### Exercise instructions
All the records that follow need to be reproduced exactly. Omit the images.

[Data items]
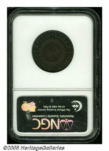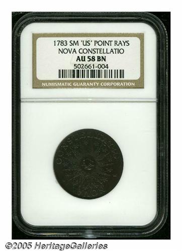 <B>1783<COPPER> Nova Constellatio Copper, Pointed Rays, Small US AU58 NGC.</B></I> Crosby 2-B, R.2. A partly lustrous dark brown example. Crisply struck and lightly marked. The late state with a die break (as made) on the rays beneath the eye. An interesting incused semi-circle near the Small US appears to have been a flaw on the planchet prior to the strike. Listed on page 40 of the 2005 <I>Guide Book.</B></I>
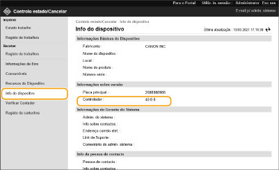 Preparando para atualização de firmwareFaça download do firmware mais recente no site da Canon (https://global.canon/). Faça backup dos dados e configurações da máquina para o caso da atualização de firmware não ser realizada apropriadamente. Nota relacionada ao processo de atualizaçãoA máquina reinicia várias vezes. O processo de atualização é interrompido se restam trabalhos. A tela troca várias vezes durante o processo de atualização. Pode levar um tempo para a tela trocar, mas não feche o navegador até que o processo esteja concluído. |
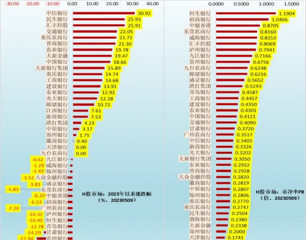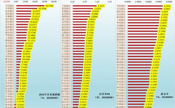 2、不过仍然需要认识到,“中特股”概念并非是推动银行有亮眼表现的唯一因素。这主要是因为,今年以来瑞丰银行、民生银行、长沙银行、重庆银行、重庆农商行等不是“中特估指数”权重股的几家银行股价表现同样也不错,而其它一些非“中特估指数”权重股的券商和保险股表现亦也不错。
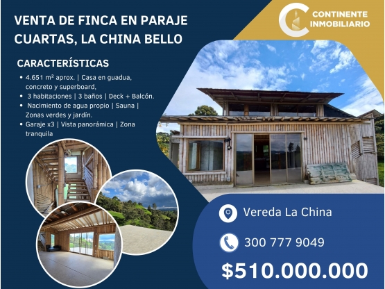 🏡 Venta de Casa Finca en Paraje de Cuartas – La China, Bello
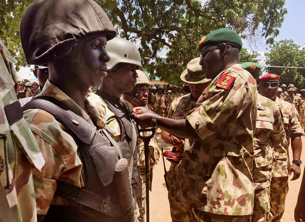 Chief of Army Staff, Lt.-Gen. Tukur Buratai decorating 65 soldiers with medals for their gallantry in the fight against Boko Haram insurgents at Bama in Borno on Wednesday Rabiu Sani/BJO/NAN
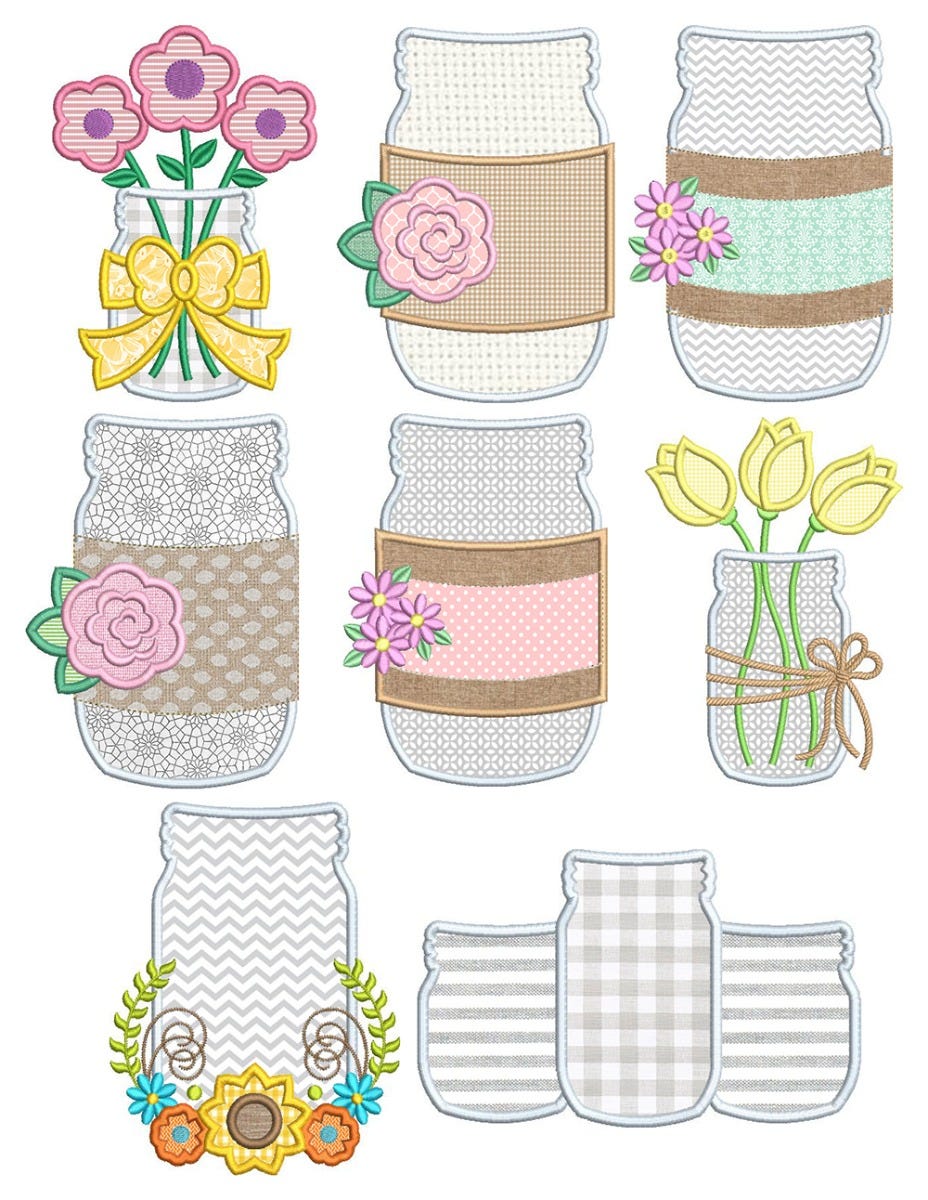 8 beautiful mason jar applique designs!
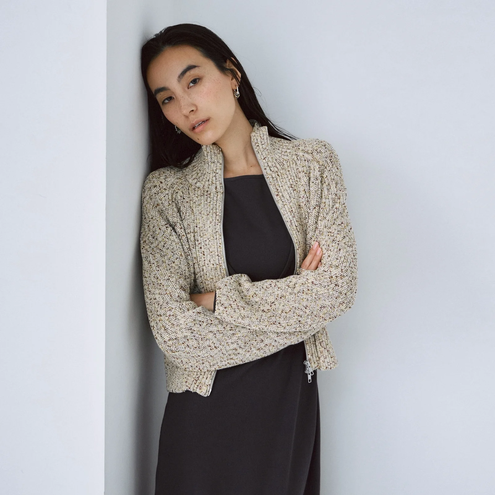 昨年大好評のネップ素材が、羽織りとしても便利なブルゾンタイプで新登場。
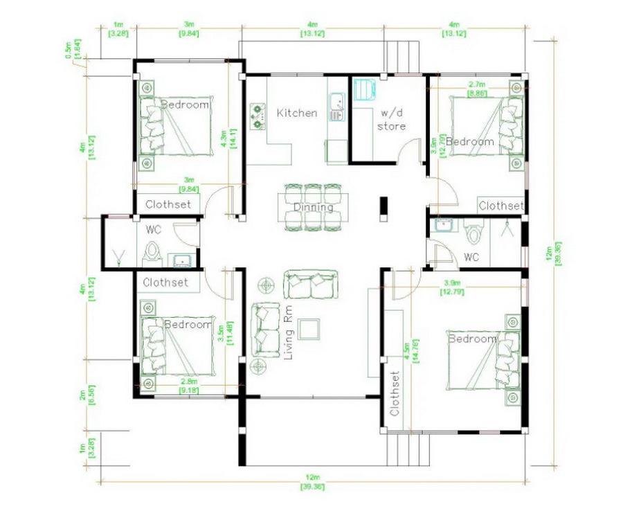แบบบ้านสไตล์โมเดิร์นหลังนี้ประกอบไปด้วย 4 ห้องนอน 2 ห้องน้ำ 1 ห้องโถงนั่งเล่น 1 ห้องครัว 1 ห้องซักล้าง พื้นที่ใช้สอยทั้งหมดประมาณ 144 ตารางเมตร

### Problem solution
 <B>1783<COPPER> Nova Constellatio Copper, Pointed Rays, Small US AU58 NGC.</B></I> Crosby 2-B, R.2. A partly lustrous dark brown example. Crisply struck and lightly marked. The late state with a die break (as made) on the rays beneath the eye. An interesting incused semi-circle near the Small US appears to have been a flaw on the planchet prior to the strike. Listed on page 40 of the 2005 <I>Guide Book.</B></I>
 Preparando para atualização de firmwareFaça download do firmware mais recente no site da Canon (https://global.canon/). Faça backup dos dados e configurações da máquina para o caso da atualização de firmware não ser realizada apropriadamente. Nota relacionada ao processo de atualizaçãoA máquina reinicia várias vezes. O processo de atualização é interrompido se restam trabalhos. A tela troca várias vezes durante o processo de atualização. Pode levar um tempo para a tela trocar, mas não feche o navegador até que o processo esteja concluído. |
 2、不过仍然需要认识到,“中特股”概念并非是推动银行有亮眼表现的唯一因素。这主要是因为,今年以来瑞丰银行、民生银行、长沙银行、重庆银行、重庆农商行等不是“中特估指数”权重股的几家银行股价表现同样也不错,而其它一些非“中特估指数”权重股的券商和保险股表现亦也不错。
 🏡 Venta de Casa Finca en Paraje de Cuartas – La China, Bello
 Chief of Army Staff, Lt.-Gen. Tukur Buratai decorating 65 soldiers with medals for their gallantry in the fight against Boko Haram insurgents at Bama in Borno on Wednesday Rabiu Sani/BJO/NAN
 8 beautiful mason jar applique designs!
 昨年大好評のネップ素材が、羽織りとしても便利なブルゾンタイプで新登場。
แบบบ้านสไตล์โมเดิร์นหลังนี้ประกอบไปด้วย 4 ห้องนอน 2 ห้องน้ำ 1 ห้องโถงนั่งเล่น 1 ห้องครัว 1 ห้องซักล้าง พื้นที่ใช้สอยทั้งหมดประมาณ 144 ตารางเมตร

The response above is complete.